What we shipped
- A client knowledge bank that updates itself. Starting with onboarding surveys it routes questions to the right person in the client's organisation. PR questions for the PR manager, board-level KPI questions for the CMO.
- After that it keeps learning. Anything a client tells us, in a Google Doc comment, a Slack message, a call transcript or an email, is checked against their profile, and genuinely new information is filed for review and merged in.
Why we built it this way
The problem with a fixed client profile is tacit knowledge. You naturally learn things about a client business that don't surface in formal onboarding or questionnaires but through conversations and interactions with deliverables. If the client profile doesn't change constantly, that means we're not recording information about their business effectively and eventually this cruft shows up in deliverables. From small corrections on copy to larger missed opportunities as teams align with older and older information.
So we built an agent that keeps the clients information fresh and up to date so other agents that use the client profile have the most up to date information. Furthermore, any account manager or specialist that needs to get information about the client can query our agency MCP via Slack or any AI surface to get up-to-the-minute information about the client, even the last thing they said in our last call.
This effectively liberates knowledge from the heads of client contacts, account managers and the marginalia of Google Docs and centralises it in a clean queryable way.
How it benefits clients
- Clients stop repeating themselves. A correction or a new fact is learned once and applied everywhere afterwards.

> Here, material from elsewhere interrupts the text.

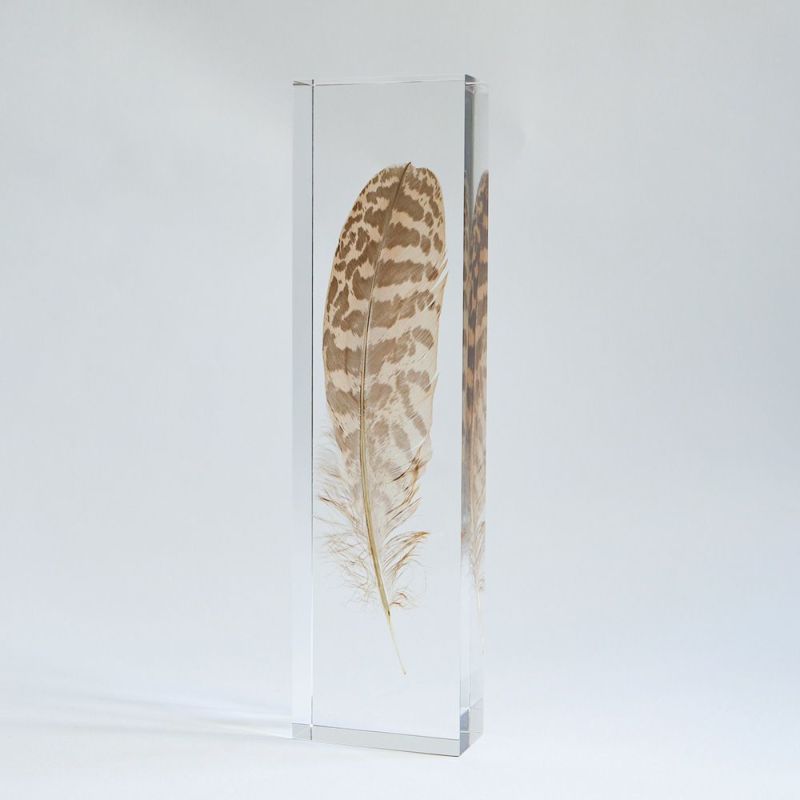 チョウゲンボウは、ハヤブサ目ハヤブサ科に分類される鳥の一種。 ユーラシア大陸とアフリカ大陸に広く分布しており、寒冷地で繁殖した個体は冬季に南方へ渡り越冬します。 羽は赤褐色に黒斑があり、雄の頭と尾は青灰色、雌は褐色で翼の先が尖っているのが特徴です。 ■素材 アクリル樹脂、チョウゲンボウの羽 ■サイズ 約D35mm ×W70mm × H260mm ■重さ 約760g ■ご注意点 ・本商品は1つ1つ職人が手作りしています。 ・製造の工程上、内部に微細な気泡やチリ状のものが発生することがありますが、商品の不良ではありません。 ・温度の高い場所に長時間置くと、変形したり細かいクラック(ひび割れ)が入ることがあります。炎天下などの高温を避けてご使用ください。 ・シンナーやアルコールなどの溶液や薬品に触れると細かいクラック(ひび割れ)が入ることがあります。お手入れの際は柔らかい布で拭いてください。 ・ギフトラッピングには対応しておりません。
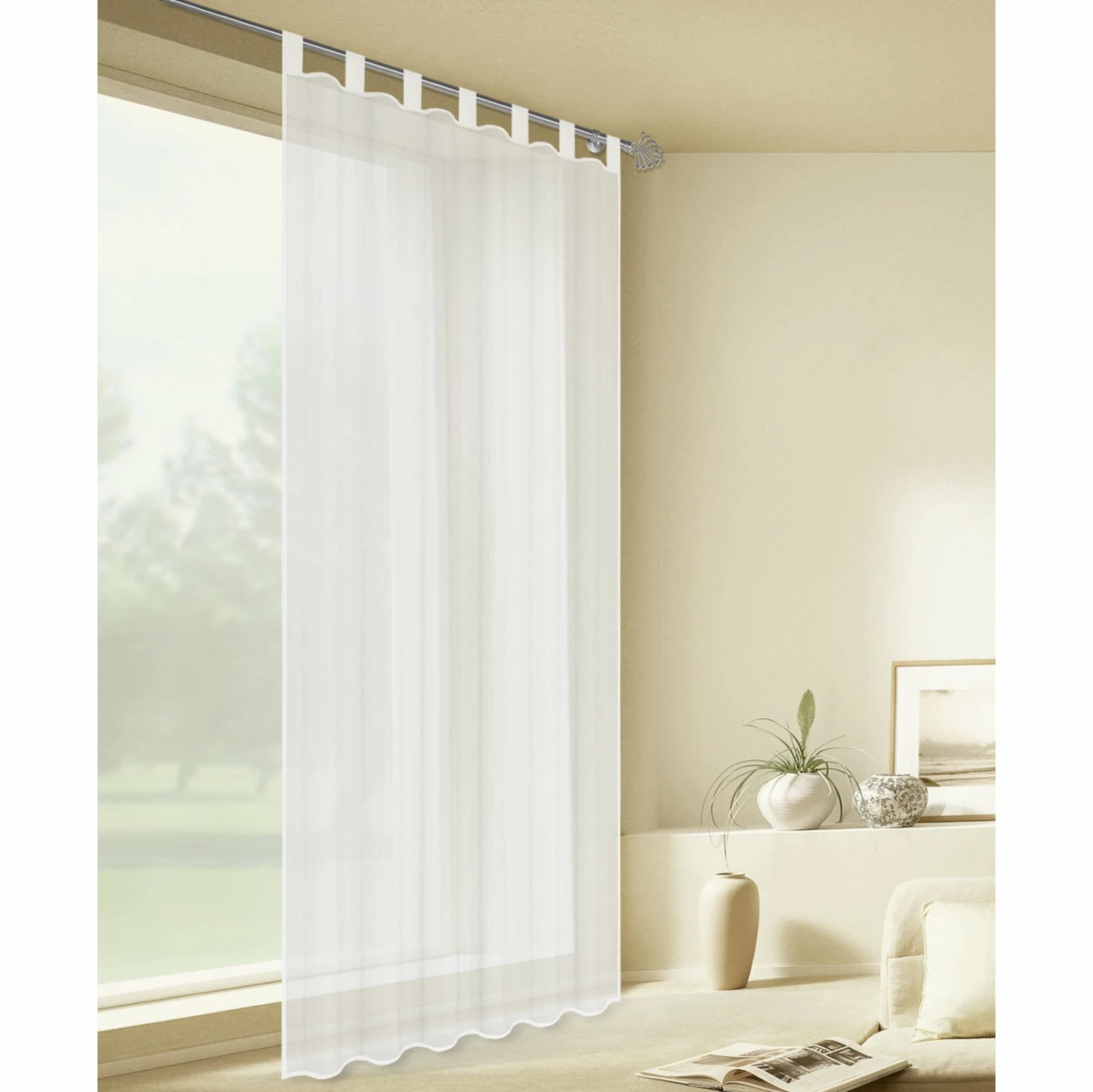 Dieser schöne Schlaufenschal in der Farbe Weiß ist ein echter Blickfang. Der schillernde und recht transparente Organza Stoff sieht einfach nur fabelhaft schön aus und zaubert eine lebendinge und frische Atmosphäre in Ihre Wohnung. Er wirkt durch seine Feinheit unaufdringlich schön, leicht und elegant zugleich.

- Every deliverable, a fact-check for copy, an idea for PR, context for a report, reads from a profile that is current.
- Fewer errors in copywriting and a faster approval time. Since going live our average time to publish has dropped by around 80%.
What's next
- Tighter clustering so recurring themes surface on their own, and more surfaces feeding the bank.
- More ways for the client to interact with the client profile including letting our AI call them.
- Ad-hoc clarifications from our AI if it finds conflicting information
Technical innovations
It began as Comment Sweeper: a Google Doc comment gets diff-checked against the profile, synthesised, and the model decides whether it is genuinely new or additive. If it is, it becomes a GitHub issue, then a pull request a human approves and merges. Nothing auto-applies. We then pointed the same mechanism at every surface a client touches, so the bank updates in near real time.
How it fits the agentic journey
This is the manifesto's human-in-the-loop rule and its compounding gains over time. The machine spots the new information and drafts the change; a person signs it off. The more we ship, the more feedback we get, and the more accurate the whole thing becomes, a virtuous cycle rather than a maintenance chore.
This is the perfect application of AI in the modern workplace - to manage information drift and keep everyone informed to produce higher quality deliverables across all domains.